Even if Don Corleone is the most intelligent and powerful crime boss this side of Lex Luthor, if he gets into a gang war because he wants to trading Ecstasy in 1943 then that’s an incorrect premise.

Even if Harry Potter can cast magic spells, he lives in a London that is explicitly identical to our London. If the plot relies on London police carrying pistols, that’s an incorrect basic premise.

In what mythology are humans immensely dangerous to demons?

Especially because of their water content.

The one in which God is on the side of humanity, has a divine plan where subtle events (or signs, if you will), turn out to be of great importance later, and where the power of faith can banish evil.

Which is, you know, the entire point of the movie. It’s not a movie about aliens. It’s a movie about faith.

Water doesn’t hurt the creature because it’s water. It hurts the creature because the son believes it will.

If that is what the movie is about, it fails utterly at making its point.

Multiple characters in movie state that water is the weakness of the aliens. The father says that he has heard several rumours that they avoid water and that the family should take shelter at the lake. The TV experts are all saying that the aliens invaded inland areas all around the world and, IIRC, avoided areas where it was raining.

If we have to assume, for no reason, that the we have an unreliable narrator to the point of discounting what was on TV and what the father was told, then the movie becomes arbitrary nonsense. Anything could have been true. Maybe the wife wasn’t dead, maybe the brother never played baseball. Maybe the whole thing was an alcoholic’s dream.

If the aliens aren’t aliens but literal magic demons then the movie is utterly devoid of any tension, atmosphere or reason. Anything that the characters did was pointless.

This is a massive failure. I’m sure most people got that the aliens were a *metaphor *for demons or the challenges of life or similar. That was none too subtle. But you are claiming that they were *literal *demons. If that was the director/writer’s intent then they failed horribly.

But he doesn’t, in any way. The son is unconscious. The brother believes that his baseball bat will hurt the alien, which it does not. The alien is completely accidentally splashed with water and starts to burn. There is no indication anywhere that anybody believed that water would have any effect at all until after it started to have an effect.

Once again, total failure on the part of the makers. If faith was what worked then the baseball bat would have worked. Any homeowner’s pistol would have worked. People have faith in weapons damaging intruders, so weapons should have worked.

And if you mean that it was faith in God that worked, in that case the whole water thing was silly.

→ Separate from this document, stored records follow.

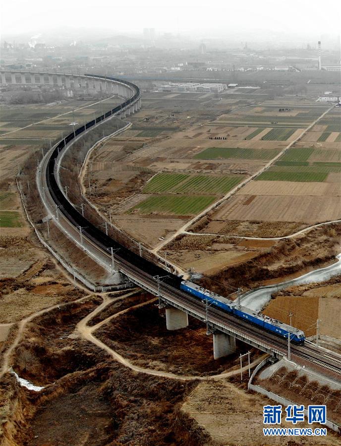 1月15日,一列重載列車行駛在瓦日鐵路紅旗渠至水冶南區(qū)段(無人機(jī)拍攝)。 新華社記者李安攝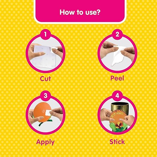 Fevicol Glue Drops are ready-to-use adhesive dots that provide a clean, hassle-free sticking experience without any mess. Perfect for quick fixes, art & craft, decoration, and DIY projects.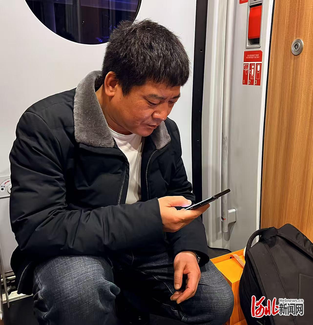 记者和赵兵一起上了6号车厢,穿过几节车厢后,在过道处,一位身穿黑色夹克、手提一袋茶叶的中年男子引起了记者的好奇。他蹲在过道旁,一直看着手机,脸上有时露出一丝笑容。他叫蒋积德,42岁,从事机电安装工程20余年,常年辗转于天津、西安等地的工地。这一次,他刚从天津飞抵西安,又马不停蹄登上这趟返回故乡庆阳的列车——这次是他外出务工十多年回家最晚的一次。

Are there fewer people with faith in the inland Bible belt states? If it’s faith in God, then why did the water burn but not the baseball bat? Are their more people with faith in God in the coastal areas of China?

If the movie didn’t have a silly premise, or it was a total failure in conveying that faith had any role to play in the accidentally spilled water burning the alians, threw out multiple red herrings about the aliens avoiding water and had a complete *deus ex machina *ending where someone in the room apparently had faith in the water before it burned the alien, but never indicated that at any stage.

IMO That’s even worse than a flawed premise.

As realistic as The Martian was overall, Mars does not produce windstorms powerful enough to tip over a spacecraft. Without that event, there’s no movie.

The Civil War depicted in The Good, the Bad, and the Ugly was, um, a bit different than the real Civil War.

While the basic premise of “Double Jeopardy” is bogus, remember something: it wasn’t a lawyer who told Ashley Judd she could kill her husband legally. It was one of her fellow convicts.

Prisons are filled with people who THOUGHT they knew the law but didn’t. Many a drug dealer in Attica believed an undercover narc had to tell the truth if asked, “Are you a cop?”

Point is, consider the source of the info.